Cetin and Aksu conducted a study demonstrating that the corrosion rate of steel samples significantly increased when exposed to Desulfotomaculum sp. bacteria. Scanning Electron Microscopy (SEM) and Energy Dispersive X-ray Spectroscopy (EDS) analyses revealed that these bacteria caused severe corrosion on the steel surface [14].

Misoni and Ihejirika investigated the microbiologically influenced corrosion of mild steel and aluminum in seawater caused by the sulfate-reducing bacterium Desulfotomaculum sp. Their findings revealed that in the presence of SRB, the average corrosion rate of mild steel and aluminum coupons was four times higher compared to those in environments without Desulfotomaculum sp. [15].

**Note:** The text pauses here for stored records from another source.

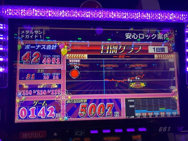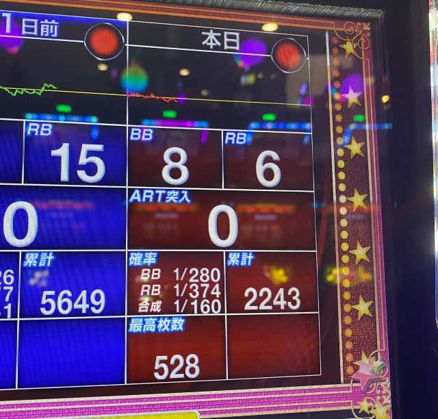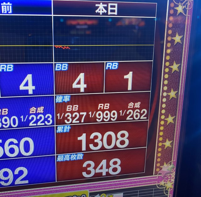 いや~、本当に良かった。1台目、2台目とスカり続けましたが、データ検索でジャグラーに力を入れていることがあらかじめわかっていたので、粘り続けた甲斐がありました。
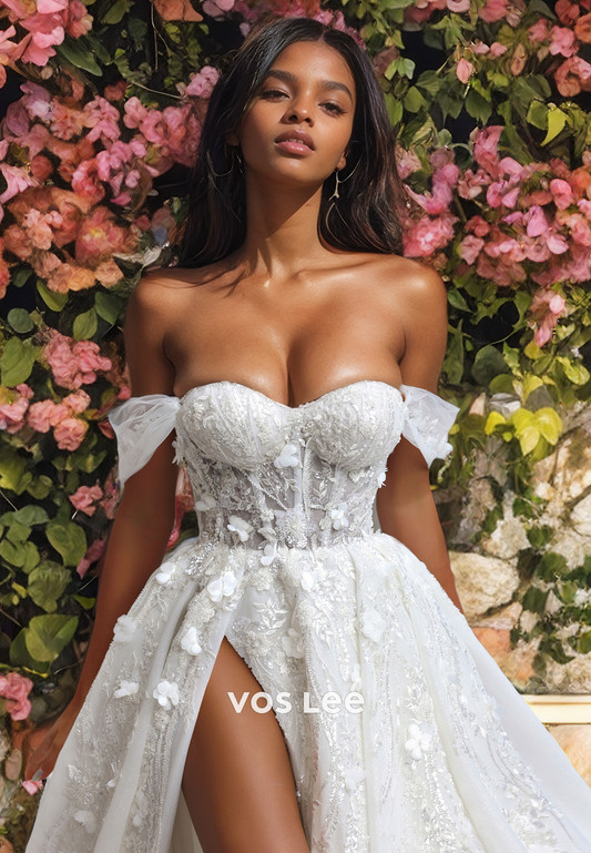 A-Line Off Shoulder Sweetheart Satin Wedding Dress with High Slit and Appliques
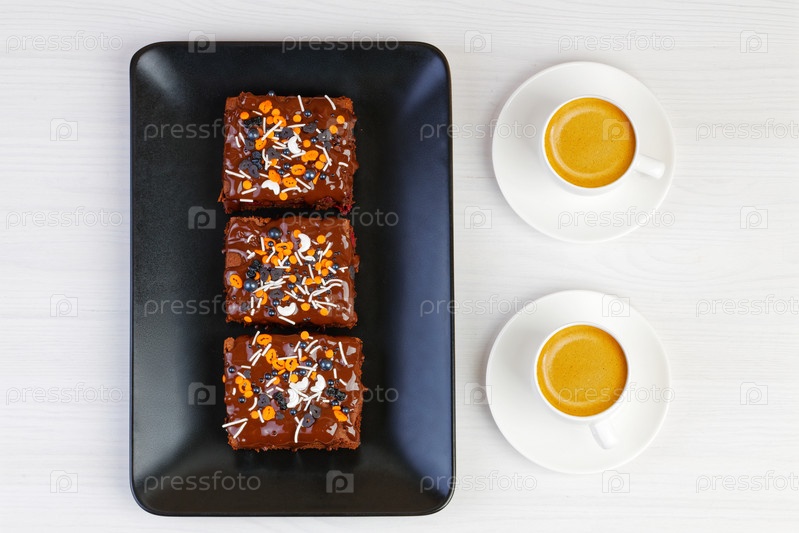 Домашнее пирожное и две чашки кофе эспрессо на белом деревянном столе. Вид сверху

Anandkumar et al. investigated the presence of the sulfate-reducing bacterium Desulfobulbus propionicus in the cooling towers of a petroleum refinery and analyzed its corrosion behavior on steel. Electrochemical and weight loss analyses revealed that D. propionicus significantly increased pitting corrosion in cooling towers. Their findings also demonstrated that the presence of this bacterium accelerated the corrosion rate through the production of corrosive H₂S [16].

While SRB are among the most extensively studied microorganisms in MIC, other bacterial groups have also been implicated in metal deterioration.

Aruliah and Ting conducted a study aimed at characterizing the corrosive bacterial communities present in water samples collected from a cooling tower. They identified seven aerobic bacterial species: Pseudomonas putida, Pseudomonas aeruginosa, Massilia timonae, Massilia albidiflava, Pseudomonas mosselii, Massilia sp., and Pseudomonas sp. Notably, the Massilia genus was detected for the first time in cooling tower water, and it was observed to form a thin bacterial biofilm and cause pitting corrosion on copper metal surfaces [17].

MIC is common in a variety of environments such as soil, freshwater and seawater, and in numerous industries, including petroleum, power generation and marine sectors. Systems with high microbial populations that are not effectively controlled, systems operating in stagnant or low flow conditions, and environments with temperatures that support microbial life are more susceptible to MIC. This susceptibility is often seen in industries such as power plants, refineries, petrochemical plants, steel mills, paper and pulp mills, and marine infrastructure [8, 18].

Given all these problems caused by MIC, it is necessary to develop an effective prevention strategy. Appropriate treatment methods should be selected to prevent biofilm formation or eliminate existing biofilm. Microbial Influenced Corrosion (MIC) is estimated to be responsible for approximately 20% of corrosion-related damage. In the UK, 10% of corrosion incidents are believed to be caused by biocorrosion. In addition, the lifespan of flowlines in Western Australia has been reduced from the intended 20+years to less than 3years due to MIC. Microbial corrosion is also considered one of the main causes of corrosion problems in underground pipelines [18].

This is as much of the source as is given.